◆ How to complete this task: The answer is the exact run of lines in the listing below from the line containing "états de 'B'" up to and including the line containing "- 도로 교통정보를 ICT 기술을 융합하여 지능적 관리 가능", with pictures removed.

◆ Data to process:
Start of Block

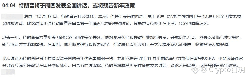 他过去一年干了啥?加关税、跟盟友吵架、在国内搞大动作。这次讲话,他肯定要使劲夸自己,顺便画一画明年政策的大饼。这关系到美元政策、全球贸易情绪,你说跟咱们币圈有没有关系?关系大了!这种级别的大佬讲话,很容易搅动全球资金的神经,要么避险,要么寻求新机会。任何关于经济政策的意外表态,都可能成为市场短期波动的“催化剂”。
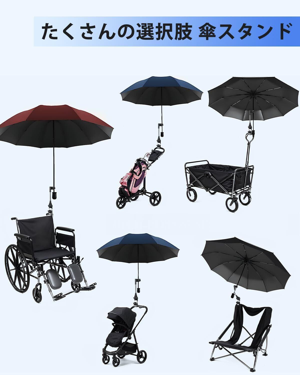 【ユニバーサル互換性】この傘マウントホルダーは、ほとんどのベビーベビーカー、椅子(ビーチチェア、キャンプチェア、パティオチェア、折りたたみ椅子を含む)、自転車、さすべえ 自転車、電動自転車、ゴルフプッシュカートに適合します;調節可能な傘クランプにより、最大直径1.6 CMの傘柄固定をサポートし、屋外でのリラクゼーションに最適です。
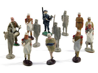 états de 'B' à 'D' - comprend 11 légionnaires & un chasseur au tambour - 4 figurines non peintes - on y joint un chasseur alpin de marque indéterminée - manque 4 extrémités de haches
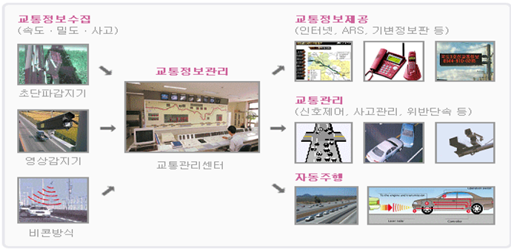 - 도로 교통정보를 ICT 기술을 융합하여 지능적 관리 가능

End of Block
Start of Block

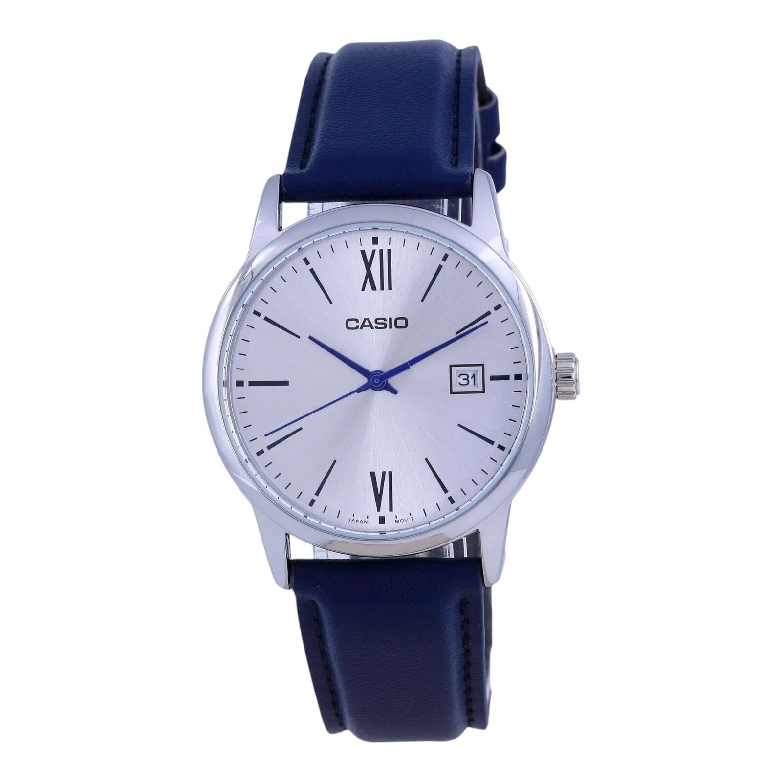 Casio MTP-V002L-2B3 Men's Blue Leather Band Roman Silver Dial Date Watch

End of Block

◆ Solution:
 états de 'B' à 'D' - comprend 11 légionnaires & un chasseur au tambour - 4 figurines non peintes - on y joint un chasseur alpin de marque indéterminée - manque 4 extrémités de haches
 - 도로 교통정보를 ICT 기술을 융합하여 지능적 관리 가능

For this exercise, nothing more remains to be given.